Ultimately, America’s position in the international system is a question of its power, purpose, and provision of goods that benefit allies and other nations, as well as such component systems as the global commons. The U.S. now faces a world in which some of its weightiest historical missions of previous years have been largely accomplished. But it remains preeminent and indispensable, the only power with the ability and willingness to accomplish certain things that are vitally necessary for the continued function of the international system.
In today’s “unipolar” or “uni-multipolar” world, being a good global citizen for the U.S. will increasingly entail assembling and working with coalitions, and even to encourage other nations to engage in positive leadership of their own. The former is the very essence of the U.S. Maritime Strategy ; the latter is the essence of Washington’s encouraging Beijing to act as a “responsible stakeholder.” Recognizing that China is an increasingly powerful state that desires to build great power status and play an important role on the world stage, Washington rightly suggests that the U.S. and other nations will recognize China in this regard in proportion to the contributions that it makes to the public good. Or, as the concept is expressed in the popular American movie ‘Spiderman’, “With great power comes great responsibility.”
Conclusion
As we move further into the twenty-first century, it will increasingly be an Asia-Pacific century. Several trends seem likely to define the emerging international system, and America’s role within it. China is clearly poised to play an important role in the region and the world even as the U.S. does as well; Washington and Beijing must come to terms with their unprecedented coexistence as great powers. Fortunately, Washington is well-placed to turn these challenges into opportunities, provided that it pursues intelligent, pragmatic policies and works well with a growing network of allies, friends, and partners—including, in many areas, China.

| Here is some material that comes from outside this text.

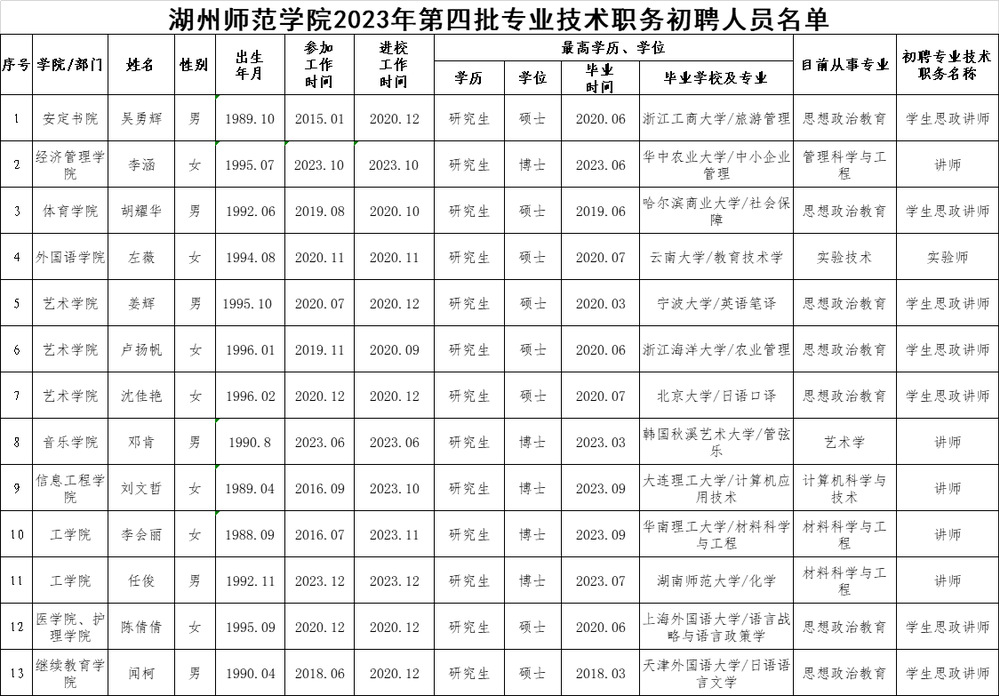 根据《浙江省人力资源和社会保障厅关于印发《浙江省职称评审管理实施办法》(试行)的通知》(浙人社发〔2020〕47号)、《优米app怎么下载软件专业技术职务评聘实施办法》(湖师院发〔2022〕54号)文件要求,经个人申报,所在单位推荐,学校审查,吴勇辉等13人符合专业技术职务初聘条件,现对初聘对象有关情况予以公示:

For the foreseeable future, then, a key question is to what extent the U.S. and China will be willing to cooperate in the Far Seas, even as their relationship suffers from profound strategic distrust and they experience strategic friction in the Near Seas. Washington seems open to such a bifurcated approach, but it remains uncertain whether Beijing will embrace it given historical sensitivities, nationalism, and possible erosion of economic growth as a source of CCP legitimacy. China, for its part, lacks aspirations or capability to dominate the Far Seas for the foreseeable future, but appears already to be seeking influence in the Near Seas and the East Asian region sufficient to achieve veto power over major activities there that it believes inimical to its core interests and security. The U.S., meanwhile, is a status quo power that is strongly committed to maintaining the existing global system, which could not be sustained in its present form if China carved out a zone of exceptionalism in the Near Seas. Current trends suggest that Beijing’s growth in capabilities, while extremely dynamic of late, will slow; while Washington’s strengths, while not unchallenged as before, will endure to a considerable extent. The two great Asia-Pacific powers must thus continue to manage a difficult relationship in the Near Seas, even as they enjoy significant prospects for achieving competitive coexistence more generally.